Saturday, March 24, 2018

Art uses a different part of the brain

Hi, everyone. I hope that those of you who follow me are enjoying my posts about my painting journey. I find that it is a very different type of expression than writing. I feel that art--any sort, no matter if it's a craft or serious art work--uses a different part of the brain. And it's relaaaaaxing!

As I've mentioned, I'm taking a break from writing. It might last a year. I don't know. I'm really into learning watercolor techniques. Watercolor isn't like any other medium (oil, acrylics), but it has it's own limitations, but you can do so much with it, or techniques you can use to make your water color more interesting. 

For instance, using salt in the painting, I'm finding different ways of working with that.

Below is an experiment using salt water as my base. I found that salt water sits on the paper longer, thus I had plenty of time to add my colors to the paper before the wetness dried. 

You may not see the effect salt has on the watercolor ion this sample, but it makes colors feather or seep into the closest colors in fantastic ways I just can't do with regular water. (check out the sky and then below where the yellow seeped into the turquoise.)

Below is another study I did really quickly, you might be able to see more of the odd blending that salt water does with the colors.

There are lots of other things water colorists use, like rubbing alcohol, or adding salt onto the painting itself (I've an example, below at the end, but I don't think it came out as well as I wanted)

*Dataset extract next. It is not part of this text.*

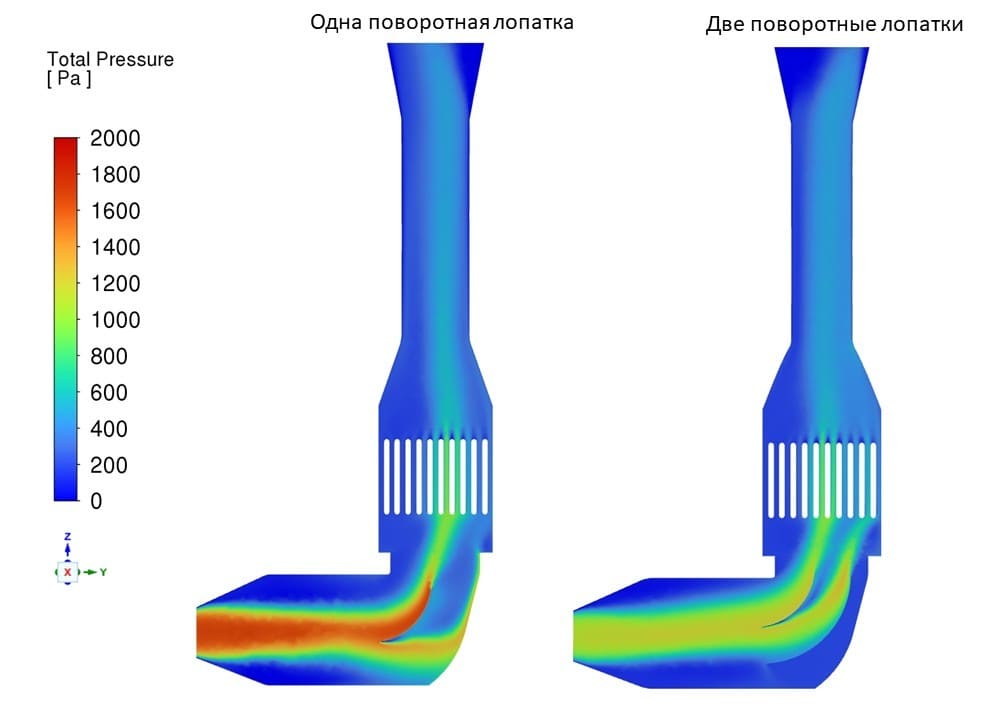 В результате оптимизации конструкции проточного тракта выхлопной системы было достигнуто значительное снижение газодинамического сопротивления. Потери полного давления в модернизированных конфигураций снизились до значений, не превышающих 1000 Па, что полностью соответствует требованиям СТО ГАЗПРОМ 2‑3.5‑138‑2007. В случае двух поворотных лопаток значение перепада давления составило 807 Па, а в случае одной лопатки 927 Па, что также удовлетворяет требованиям СТО.

Using a sponge to add some sort of texture is also a way to make your painting more interesting. For this painting below I used a Q Tip for the inside (brown/black, gray etc) of the flower and for the sky, I used a sponge. I sort of had problems making the clouds, and had to cheat and use white paint. For some water colorists, using white is a big no-no. But, if you don't know me, I tend to break rules. Who cares if I use white? They make white watercolor, so what the heck is it for? (:
Original watercolor by Lorelei: "Glorious Sun" 9"x12"

In fact they also tell you there's no such thing as black in watercolor.
Well, same applies. I use it in my silhouettes paintings. 

And below, this painting would not come out so stark and interesting if I'd used a blend of greens and reds and such. Don't you agree?

Original watercolor by Lorelei "Phantom" 9"x12"

actual photograph: close up shot of
an orchid taken from Pinterest.
As you can see I didn't make the above painting up. Orchids tend to have interesting parts. This particular orchid caught my eye, the way photographer put a black background behind the flower, then took a super close-up. I find most of these sort of pictures on Pinterest, and don't claim any ownership of them. But the paintings I do!

Hope you enjoyed this. Today, I'm not sure what I'll work on, but I'll find something to paint!